* [Task brief]: Print only the lines below, from the very first to the one containing "たとえば、法律事務所のWeb", exactly as they stand. Do not print pictures.

* [Provided material]:
Start of Block
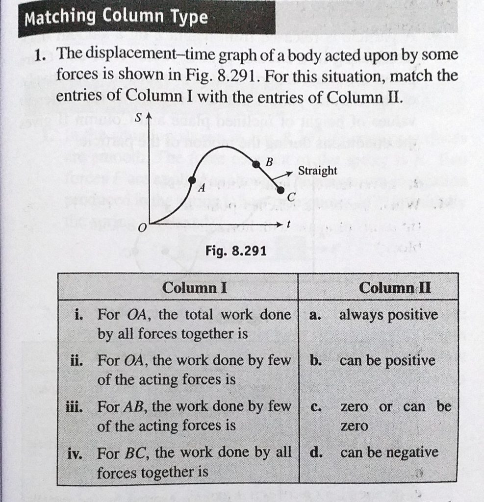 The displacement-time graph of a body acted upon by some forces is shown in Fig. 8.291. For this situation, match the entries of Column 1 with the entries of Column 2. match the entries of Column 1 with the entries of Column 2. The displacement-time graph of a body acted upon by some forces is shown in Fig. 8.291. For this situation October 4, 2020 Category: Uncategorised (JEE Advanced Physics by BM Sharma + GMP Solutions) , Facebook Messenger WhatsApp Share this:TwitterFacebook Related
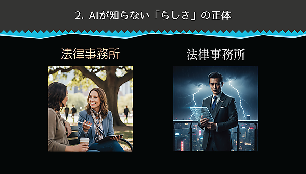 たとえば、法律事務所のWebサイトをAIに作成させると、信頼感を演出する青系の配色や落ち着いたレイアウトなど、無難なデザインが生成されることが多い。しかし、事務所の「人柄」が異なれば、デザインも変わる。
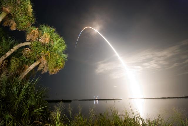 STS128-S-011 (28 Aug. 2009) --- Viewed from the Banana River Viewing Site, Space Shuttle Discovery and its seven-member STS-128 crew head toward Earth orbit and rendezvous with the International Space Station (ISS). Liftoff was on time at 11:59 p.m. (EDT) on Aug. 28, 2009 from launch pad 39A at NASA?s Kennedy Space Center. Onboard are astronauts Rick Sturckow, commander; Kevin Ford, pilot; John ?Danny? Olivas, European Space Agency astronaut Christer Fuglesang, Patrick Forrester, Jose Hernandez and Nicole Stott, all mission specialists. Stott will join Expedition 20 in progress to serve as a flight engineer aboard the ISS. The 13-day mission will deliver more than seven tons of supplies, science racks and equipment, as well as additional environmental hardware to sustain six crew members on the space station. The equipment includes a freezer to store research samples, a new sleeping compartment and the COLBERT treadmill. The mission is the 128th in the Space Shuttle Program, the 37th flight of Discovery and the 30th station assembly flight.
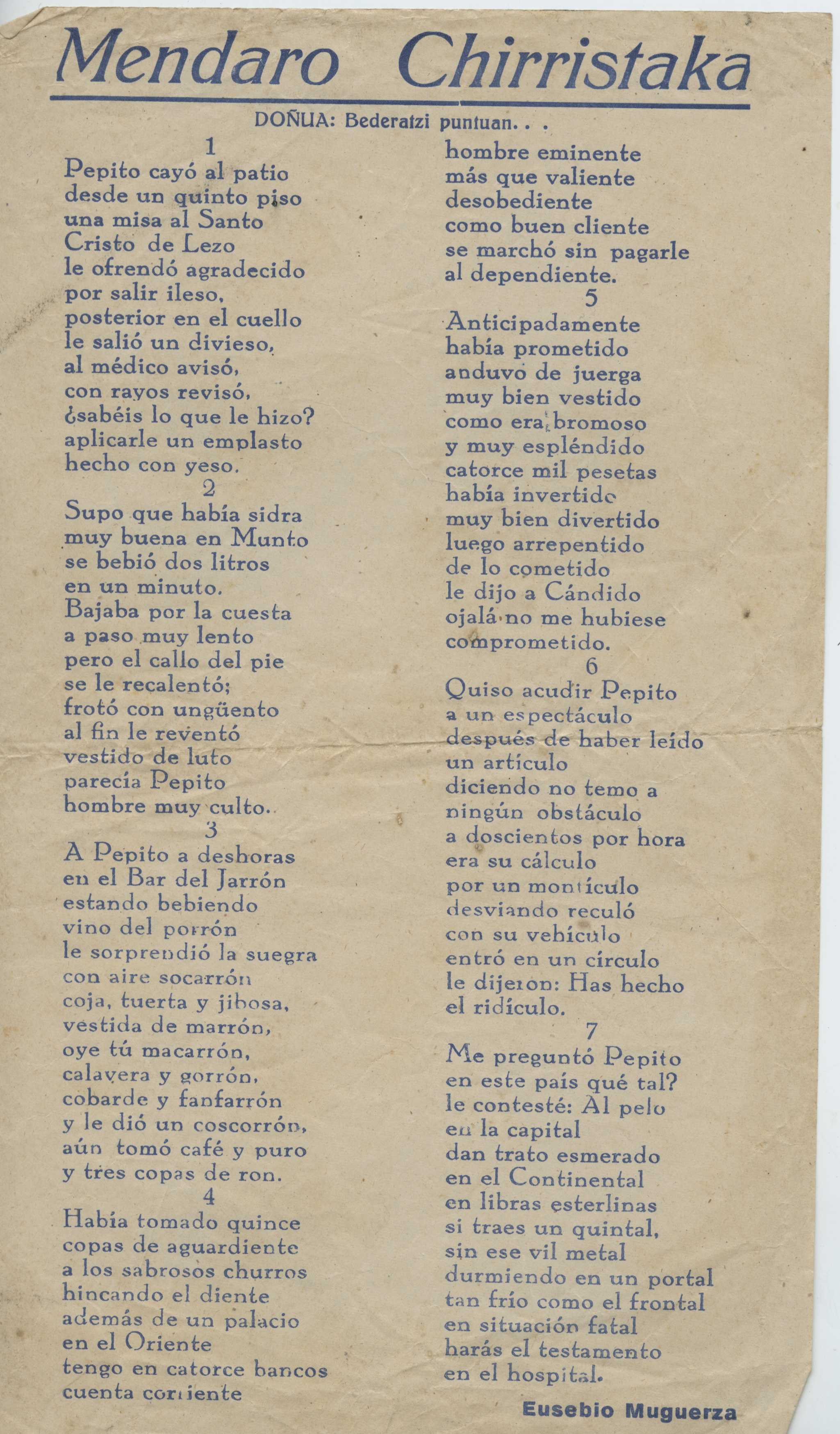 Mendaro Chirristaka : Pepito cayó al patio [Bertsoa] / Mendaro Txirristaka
End of Block
* [Result for this task]:
 The displacement-time graph of a body acted upon by some forces is shown in Fig. 8.291. For this situation, match the entries of Column 1 with the entries of Column 2. match the entries of Column 1 with the entries of Column 2. The displacement-time graph of a body acted upon by some forces is shown in Fig. 8.291. For this situation October 4, 2020 Category: Uncategorised (JEE Advanced Physics by BM Sharma + GMP Solutions) , Facebook Messenger WhatsApp Share this:TwitterFacebook Related
 たとえば、法律事務所のWebサイトをAIに作成させると、信頼感を演出する青系の配色や落ち着いたレイアウトなど、無難なデザインが生成されることが多い。しかし、事務所の「人柄」が異なれば、デザインも変わる。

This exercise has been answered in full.